I chose this path because it is my path. It is the path that will lead our children. It is the path that will build the foundations and walls of myself as a woman.
And I choose to define myself. No small talk conversation has the authority to give me an identity of “just” a housewife. I learned years ago that you can hear people just fine. However, you are not required to accept a darn word they say.
I choose not to accept being “just” a housewife.
I choose to be an AMAZING housewife. I choose to do INCREDIBLE things with my children’s education. I choose to reject the ideas that what I have chosen to do is belittling to my station in life. Those ideas are naive and ignorant, and the people who believe them fail to see the endless possibilities available.

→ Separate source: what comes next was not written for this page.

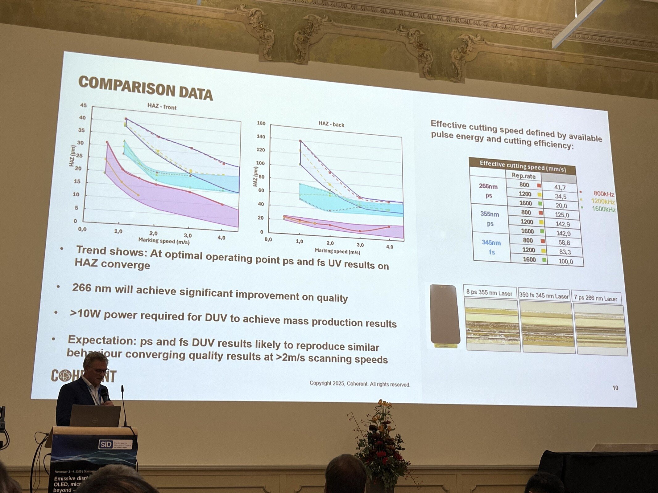 Coherent, l'hôte de la conférence du chapitre Mid-Europe de la Society of Information Display (conférence SID-MEC) en Allemagne, a donné un aperçu de ses plans pour améliorer la découpe des écrans. En tant que fournisseur de solutions laser, la société basée à Göttingen n'est pas seulement spécialisée dans le recuit https://www.coherent.com/en/news/blog/laser-annealing-flat-panel-displays comme étape préalable à la production d'écrans, mais développe également des outils pour la découpe ultérieure des écrans.

As a housewife I have no contracts binding me, I have no library of endless knowledge shut to me, and I have 24 hours in the day to conquer life. This is a good place to be, my friends.
“Those who lead inspire us… Whether they are individuals or organizations, we follow those who lead not because we have to but because we want to.” ~Simon Sinek
The point of being an excellent wife, mother, woman is to be the inspiration. Goodness knows, I’ve been inspired by some pretty incredible people. I would love to inspire others to do something meaningful, something that will change the world. I am starting with my children.
“Poor leaders push us towards the goal. Great leaders guide us through the journey.” ~Simon Sinek
Keep your eye on the journey, and leave the “just” to the fools.